TripleGeo also offers the following three extra utilities:

  • Classification Scheme Validator can be used to verify the consistence and suitability of a classification hierarchy where the spatial entities refer to. TripleGeo supports multi-tier classification hierarchies (e.g., POI categories, subcategories, etc.) specified in YML or CSV files (take a look here for example classifications). This auxiliary utlity can be invoked as follows:
    java -cp target/triplegeo-2.0-SNAPSHOT.jar eu.slipo.athenarc.triplegeo.extra.ClassificationSchemeValidator path-to-CSV-or-YML-classification-file boolean-flag output-CSV-or-YML-format
    where:
    • path-to-CSV-or-YML-classification-file specifies the file containing the classification hiererchy (in CSV or YML format);
    • the boolean-flag specifies whether each category is referenced by its identifier in the classification scheme (false) or by the actual name of the category (true);
    • and output-CSV-or-YML-format indicates the format (CSV or YML) that will be used for printing out the reconstructed classification after its validation.
  • RDF Graph Sanity Tester is an auxiliary utility that can be used to verify whether the transformed triples are valid and queryable. First, it loads triples (in any typical serialization) from data file(s) into a disk-based RDF graph and then runs a simple sanity test with a user-specified SELECT query in SPARQL. If successful, it reports the number of triples stored in the graph. This utility can be executed as follows:
    java -cp target/triplegeo-2.0-SNAPSHOT.jar eu.slipo.athenarc.triplegeo.extra.RDFGraphSanityTester path-to-triples-file(s) triple-serialization-format path-to-temporary-dir path-to-SPARQL-query-file
    where:
    • path-to-triples-file(s) is the path to the RDF file(s) that constitute the graph;
    • triple-serialization-format is the serialization of the RDF files (e.g., N-TRIPLES, TTL);
    • path-to-temporary-dir is the path to an existing directory on disk where the RDF graph model will be temporarily created;
    • and path-to-SPARQL-query-file is the path to the file with the SPARQL SELECT command that will be used to query the RDF graph and extract results.
  • Synthetic Data Generator can be used to create a synthetic dataset based on a given CSV dataset by translating geometries, modifying names, and randomly erasing attribute values. It can be used to create synthetic spatial data, by inflating and modifying a dataset given as seed.
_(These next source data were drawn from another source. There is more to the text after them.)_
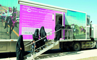 وكانت العيادات المتنقلة المرافقة لمسيرة القافلة الوردية التي أقيمت في كل من مستشفى صقر ومركز الجزيرة الحمراء قد فحصت 672 شخصاً خلال اليوم الرابع، ليرتفع عدد المتقدمين للفحص خلال الأيام الأربعة الى 2307 أشخاص، وبلغت أعداد المتقدمين من النساء في فحوص رأس الخيمة نحو 549 امرأة، فيما بلغ عدد الرجال 123 رجلاً، وشكل مواطنو الإمارات نحو 306 أشخاص، فيما شكل المقيمون 366 شخصاً، وجرى خلال فحوص اليوم الرابع تحويل 200 حالة الى فحص «الماموغرام»، و26 حالة إلى فحوص أشعة الأمواج فوق الصوتية.
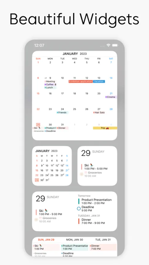- lock screen widgets (up next, next events, scheduled tasks, small calendar, new event, new task)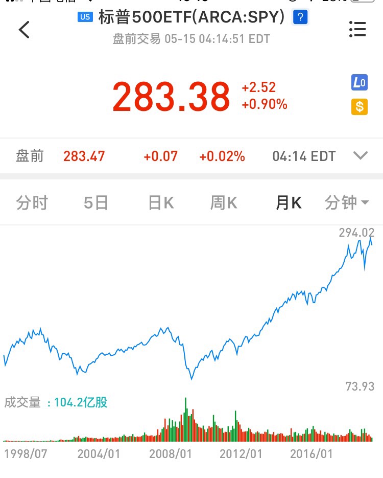 ($(SPY)$) 标普500ETF-SPDR,道富环球投资旗下追踪标普500指数的ETF,该ETF价格与标普500指数波动方向相同,波动幅度约等于标普500指数,目前规模2612亿美元。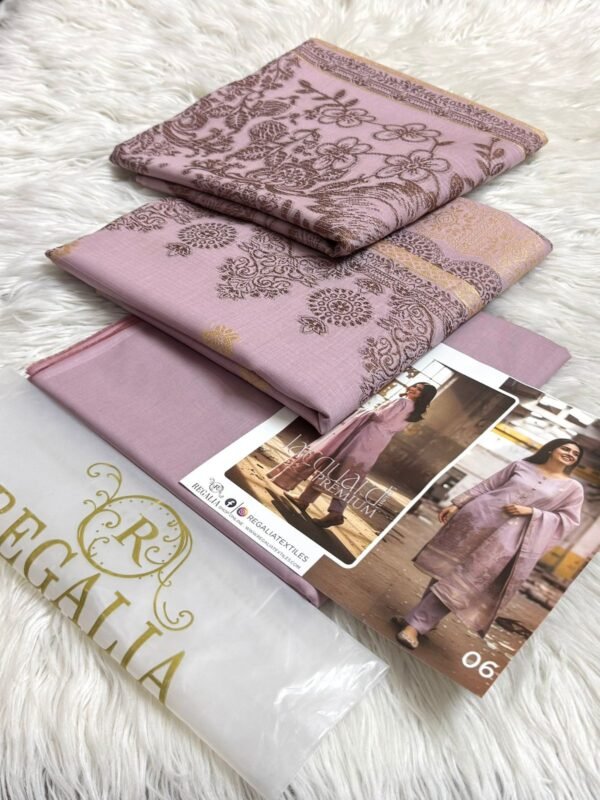 Elevate your everyday style with the Regalia Jacquard Collection 2025, designed for women who appreciate refined elegance and quality craftsmanship. This stunning 3-piece suit is crafted from premium Cotton Jacquard, offering a soft, breathable, and luxurious feel perfect for all seasons.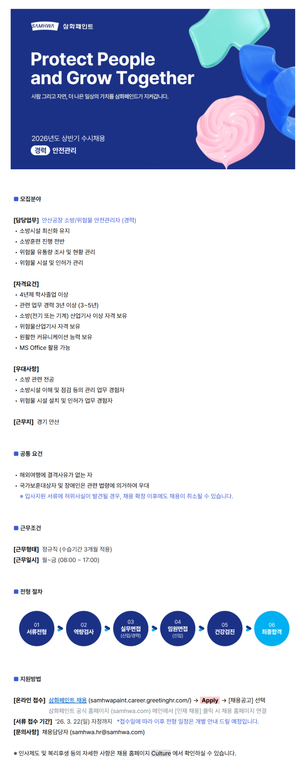 [ÀÚ°Ý¿ä°Ç] 4³âÁ¦ ÇлçÁ¹¾÷ ÀÌ»ó °ü·Ã ¾÷¹« °æ·Â 3³â ÀÌ»ó (3~5³â) ¼Ò¹æ(Àü±â ¶Ç´Â ±â°è) »ê¾÷±â»ç ÀÌ»ó ÀÚ°Ý º¸À¯ À§Çè¹°»ê¾÷±â»ç ÀÚ°Ý º¸À¯ ¿øÈ°ÇÑ Ä¿¹Â´ÏÄÉÀÌ¼Ç ´É·Â º¸À¯ MS Office Ȱ¿ë °¡´É
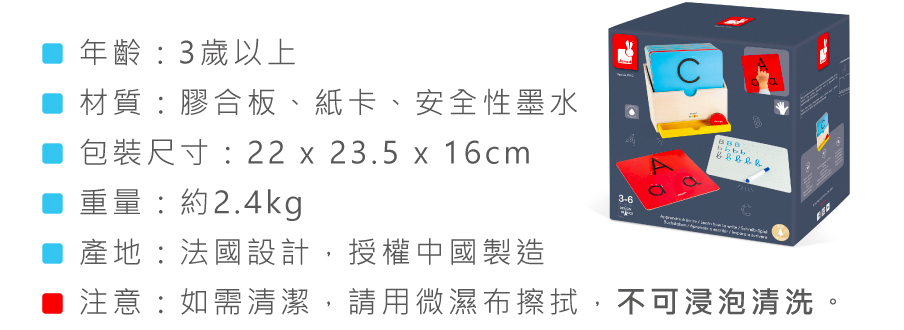 內容物:26張雙面字母卡、白板筆1支、小板擦1個及收納盒1個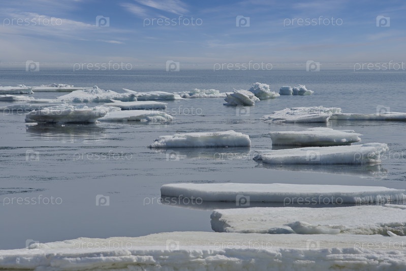 Россия. Западное побережье острова Сахалин. Живописные льдины весеннего Тихого океана.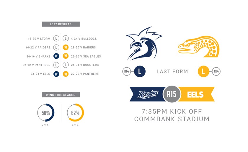 The Roosters and Eels face off in encounter no.137, with Easts holding the advantage with 68 wins, including seven of the last ten dating back to 2014.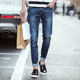 夏季薄款牛仔短裤男破洞中裤青少年复古韩版直筒怀旧男士五分马裤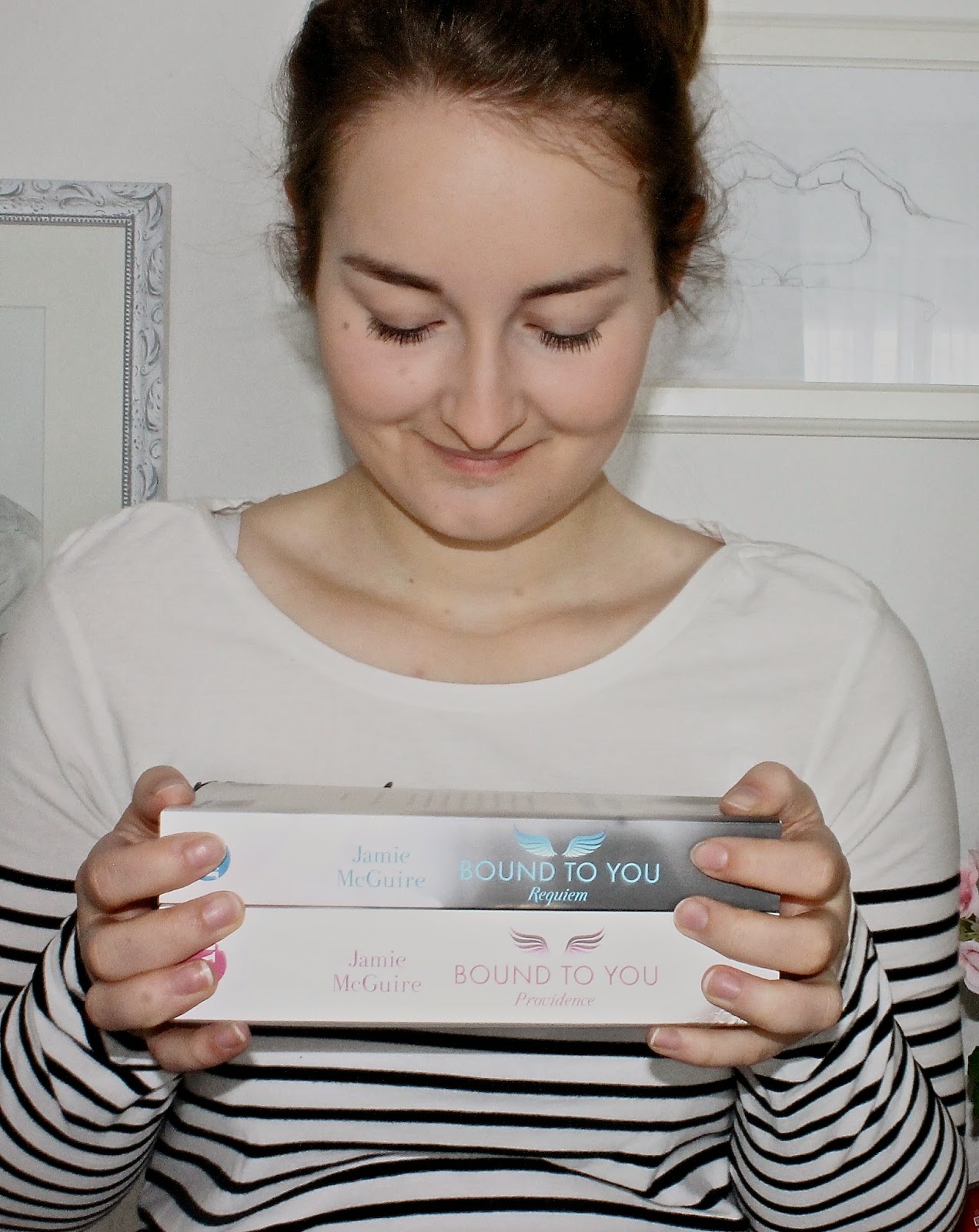 Der erste Teil heißt Bound to you Providence und der zweite Bound to you Reqiuem. Die Cover sind sich ziemlich ähnlich und sind beide sehr schön, wie ich finde! Die Flügel sind wunderschön und auch die Personen sind toll in Szene gesetzt. Normalerweise ist es nicht so mein Ding, mit „echten“ Menschen auf dem Cover, aber hier finde ich es durchaus gelungen. Gefällt mir sehr gut. Die Bücher sind broschiert und sehr stabil, was ich ebenfalls gut finde!

NOTE: This utility does not apply over RDF data; it handles CSV files only that may be accepted by TripleGeo for transformation to RDF. This utility can be executed as follows:
    java -cp target/triplegeo-2.0-SNAPSHOT.jar eu.slipo.athenarc.triplegeo.extra.SyntheticDataGenerator path-to-input-CSV-file dX dY suffix
    where:
    • path-to-input-CSV-file is the path to input CSV file containing the spatial entities and their thematic attribute values;
    • dX is the max displacement on the x-axis (longitude) to be applied on each geometry;
    • dY is the max displacement on the y-axis (latitude) to be applied on each geometry;
    • and suffix is a user-defined string that will suffix each generated identifier in the output.

Use Cases

TripleGeo has been used to transform a large variety of geospatial datasets into RDF. Amongst them:

  • Exposing INSPIRE-alinged geospatial data and metadata for Greece as Linked Data through a SPARQL endpoint. This has been the first attempt to build an abstraction layer on top of the INSPIRE infrastructure based on GeoSPARQL concepts, thus making INSPIRE contents accessible and discoverable as linked data.
  • Exposing Points of Interest (POI) as Linked Geospatial Data through this SPARQL endpoint. In this case, POI data extracted from OpenStreetMap across Europe has been transformed into RDF according a comprehensive and vendor-agnostic OWL ontology for POI data, which enables modeling and representation of multifaceted and enriched POI profiles.

Documentation

All Java classes and data structures developed for TripleGeo are fully documented in this Javadoc.

License

The contents of this project are licensed under the GPL v3 License.